Consider the following empirical variogram as an example:

# sinusoidal data
𝒟 = georef((Z=[sin(i/2) + sin(j/2) for i in 1:50, j in 1:50],))

# empirical variogram
g = EmpiricalVariogram(𝒟, :Z, maxlag = 25u"m")

funplot(g)

Example block output

We can fit a specific theoretical variogram such as the SphericalVariogram with

γ = GeoStatsFunctions.fit(SineHoleVariogram, g)

fig = funplot(g)
funplot!(fig, γ, maxlag = 25u"m")

Example block output

or we can let the framework find the theoretical variogram with minimum error:

γ = GeoStatsFunctions.fit(Variogram, g)

fig = funplot(g)
funplot!(fig, γ, maxlag = 25u"m")

Example block output

The SineHoleVariogram fits the empirical variogram well given that this is a sinusoidal field.
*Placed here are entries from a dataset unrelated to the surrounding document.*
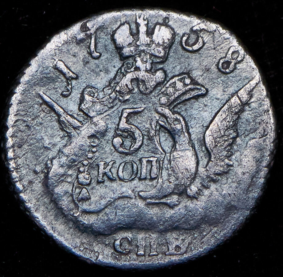 В центре изображён орёл с расправленными крыльями, сидящий на облаке и держащий в своём клюве картуш с надписью в две строки: «5»│«КОП». Изображение увенчано императорской короной. Под центральным изображением - буквы «СПБ», обозначение Санкт-Петербургского монетного двора. Над центральным изображением, разделённая короной, дата выпуска монеты – «1758».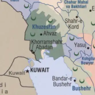 - ^ Other modern historians—such as P. Luft and E.J. van Donzel—also only considers Arabestan to have been used for the western part of Khuzestan during this period.[17][18] The Iranologist Willem Floor includes both Arabestan and Khuzestan separately amongst the jurisdictions of the Safavid realm.[19]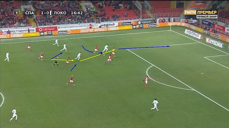 Если говорить о комбинациях, которые начинали на одном фланге, а затем переводили на другой, то их практически не было, потому что Локомотив всячески пытался предотвратить такое развитие событий прессингом флангов на чужой половине поля (чуть позже о них). Да они как элемент игры возникали при других эпизодах, но так, чтобы вся атака прошла от ворот и до ворот соперника - практически не было.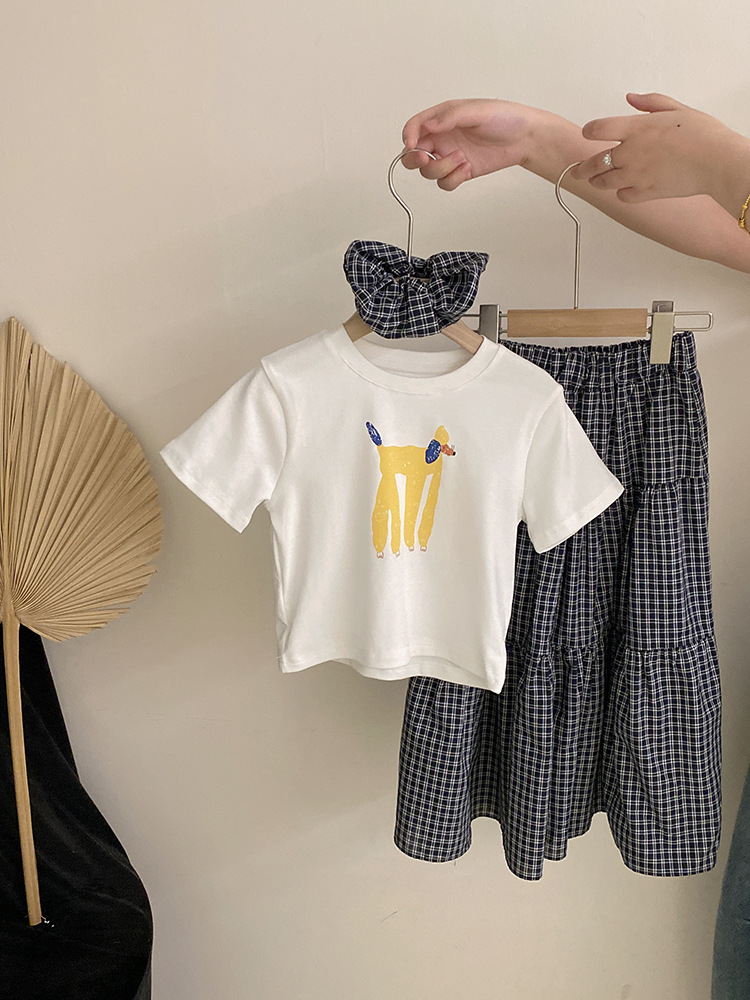 여자 한국식 여름 만화 인쇄 라운드 넥 반팔 티셔츠 여자 2025 올 매치 체크 무늬 투피스 유행 스커트

Optionally, we can specify a weighting function to give different weights to the lags:

γ = GeoStatsFunctions.fit(SineHoleVariogram, g, h -> 1 / h^2)

fig = funplot(g)
funplot!(fig, γ, maxlag = 25u"m")

Example block output

The following fitting methods are available:

GeoStatsFunctions.WeightedLeastSquares — Type

WeightedLeastSquares()
WeightedLeastSquares(w)

Fit theoretical variogram using weighted least squares with weighting function w (e.g. h -> 1/h). If no weighting function is provided, bin counts of empirical variogram are normalized and used as weights.